Mr. Torff discusses the legend Duke Ellington himself, as well as the soul of Jazz in the 21st century. New Duke is performing at Fairfield University televised for CBS on 12/24/2017, at 11:35pm EST.
TGNR: I am here with Brian Torff, Professor of Music and Jazz at Fairfield University, and longtime jazz musician, and we’re discussing his project “New Duke,” and the monumental figure in jazz, Duke Ellington. Thank you for being here, and thank you for meeting me, Brian.
Brian Torff: My pleasure.
TGNR: Now when you go into the figure Duke Ellington, there are any number of ways you can go. First I want to ask, why now?
BT: In 2011 at Fairfield University my colleague Dr. Laura Nash got a grant from the National Endowment of the Humanities. That was to put on a two-week workshop on the life of Duke Ellington, for teachers who qualify for this, K-12. So we got all kinds of teachers involved. English, math, science, music, and they came to Fairfield University. We lectured, gave talks and tours on the life of Ellington; because there are so many facets of Ellington’s life as you know, that it can apply to a lot of different disciplines. And I said, well we’ve got to have some music, but you can’t duplicate Duke Ellington. Its just one of those things you just can’t do.
So I said, why don’t we do this: let’s put a band together, a smaller group, most of them core faculty at Fairfield, and let’s do Ellington’s music, but in a new way. Because its exactly what Ellington would be doing if he was still alive. He didn’t have one arrangement of “Take The A-Train,” he had seven. Y’know what I mean? He was constantly changing up things. She liked the idea, and I put the band together, and I love to compose, and arrange music. So it was a joy for me, and they’re great players, and it was a good experience. That was level one of this.
Then some time passed and we did it again in 2014, I was starting at that point to write and going back to my original roots that I grew up with in Chicago of Blues and Rock. I basically grew up on three main elements: The Beatles, James Brown, and Blood Sweat And Tears.
TGNR: That’s a heck of a combination.
BT: Those were my influences, and so I thought I don’t understand why in Jazz, which I love and have been playing for over 40 years, why we must have this kind of elitist attitude that basically says, “If you grew up on that music, that’s fine, but leave it alone. Leave it in the past.” Y’know, so I thought, I don’t want to leave it in the past, I want to draw on what I grew up with. So I then started to change the arrangements for New Duke to instead of just doing updated Ellington, to now do mashups-Ellington. So therefore, I would take a Ellington piece like “Rock Skippin at the Blue Note” but I would put “I Feel Free” by Cream in front of it and “Happy” by Pharrell Williams at the end of it.
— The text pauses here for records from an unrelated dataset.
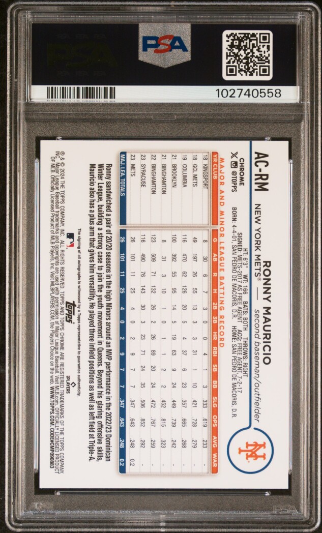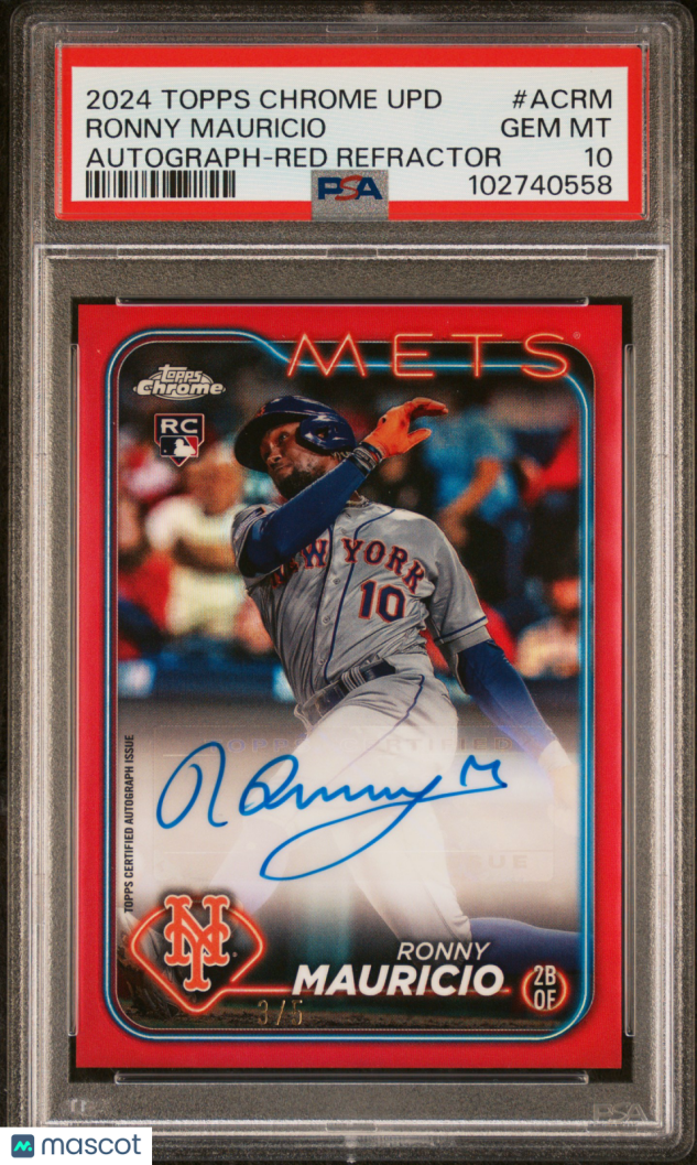 You are purchasing a 2024 Topps Chrome Update Chrome Baseball Update Series Autographs Ronny Mauricio #ACRM Red Refractor 3/5 PSA 10. You will receive the exact item in the photographs. Thank you for looking.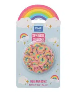 De PME Sprinkle Charms Regenbogen Mini zijn een vrolijke eetbare decoratie voor taarten, cupcakes en andere zoete creaties. Deze sprinkelmix bestaat uit mini-regenboogvormige figuurtjes die zorgen voor een kleurrijke en speelse uitstraling. Met een formaat van ongeveer 11 × 16 mm zijn de regenboogjes goed zichtbaar en perfect als decoratief accent.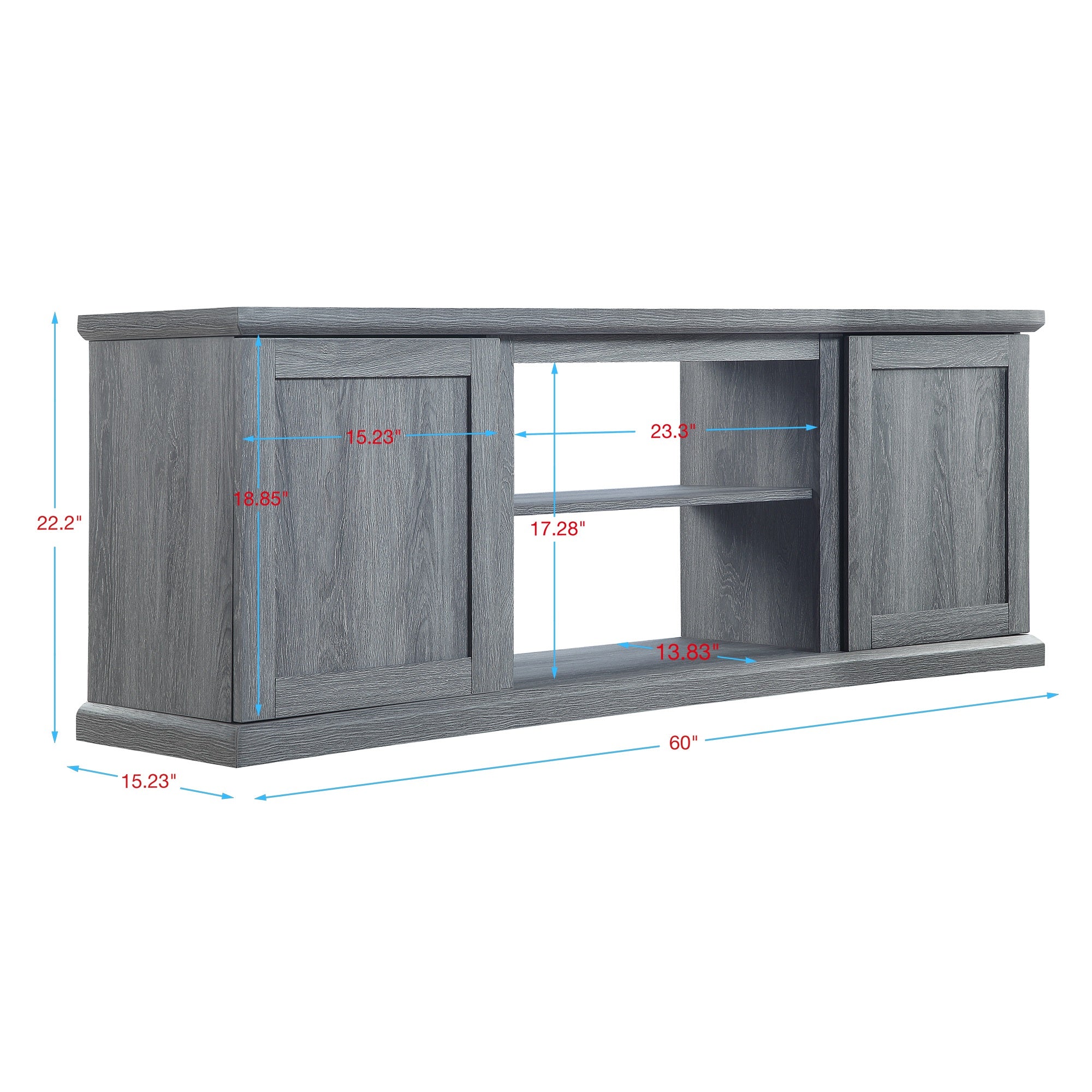 - Upon assembly, TV Stand Dimensions Measure: 60 in. Length, 22 in. Height, 15 in. Depth.

Now this is sacrilege for many people in Jazz. For me, its absolutely natural from what I grew up with. I grew up with a fusion, a hyphen between every style of music that you can imagine; to me, that’s always the joy of music. So, ‘why now?’ because I am at a point in my career where I play a lot of mainstream wonderful jazz, whether it be with the Django Rheinhart group, or George Shearing, or Eroll Garner, Mary-Lou Williams, and I’m proud of all of it. But its time for me to put a stamp on a different direction that is not only mine… but a holistic idea about what I think Jazz is, which is an umbrella term. It’s something that brings in Rock and Hip-Hop, and Funk, and all these kind of things.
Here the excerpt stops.